Instructions to follow:
Go through the material and return every line that contains the string "kitchen".

Dataset records:
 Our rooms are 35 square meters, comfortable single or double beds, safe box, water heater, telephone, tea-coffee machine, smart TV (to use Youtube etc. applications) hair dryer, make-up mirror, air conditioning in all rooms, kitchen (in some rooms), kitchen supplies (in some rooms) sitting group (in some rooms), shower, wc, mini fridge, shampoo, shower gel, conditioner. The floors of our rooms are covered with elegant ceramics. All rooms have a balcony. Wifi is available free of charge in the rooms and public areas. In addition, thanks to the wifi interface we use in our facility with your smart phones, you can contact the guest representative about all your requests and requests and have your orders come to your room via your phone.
...
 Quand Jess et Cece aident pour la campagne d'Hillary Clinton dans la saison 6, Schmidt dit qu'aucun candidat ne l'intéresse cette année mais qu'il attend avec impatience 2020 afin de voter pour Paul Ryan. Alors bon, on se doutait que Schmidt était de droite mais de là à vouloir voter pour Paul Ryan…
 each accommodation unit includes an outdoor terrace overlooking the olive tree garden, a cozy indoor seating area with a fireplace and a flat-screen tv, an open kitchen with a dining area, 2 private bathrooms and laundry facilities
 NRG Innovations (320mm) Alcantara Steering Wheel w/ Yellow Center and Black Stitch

Result for this task:
 Our rooms are 35 square meters, comfortable single or double beds, safe box, water heater, telephone, tea-coffee machine, smart TV (to use Youtube etc. applications) hair dryer, make-up mirror, air conditioning in all rooms, kitchen (in some rooms), kitchen supplies (in some rooms) sitting group (in some rooms), shower, wc, mini fridge, shampoo, shower gel, conditioner. The floors of our rooms are covered with elegant ceramics. All rooms have a balcony. Wifi is available free of charge in the rooms and public areas. In addition, thanks to the wifi interface we use in our facility with your smart phones, you can contact the guest representative about all your requests and requests and have your orders come to your room via your phone.
 each accommodation unit includes an outdoor terrace overlooking the olive tree garden, a cozy indoor seating area with a fireplace and a flat-screen tv, an open kitchen with a dining area, 2 private bathrooms and laundry facilities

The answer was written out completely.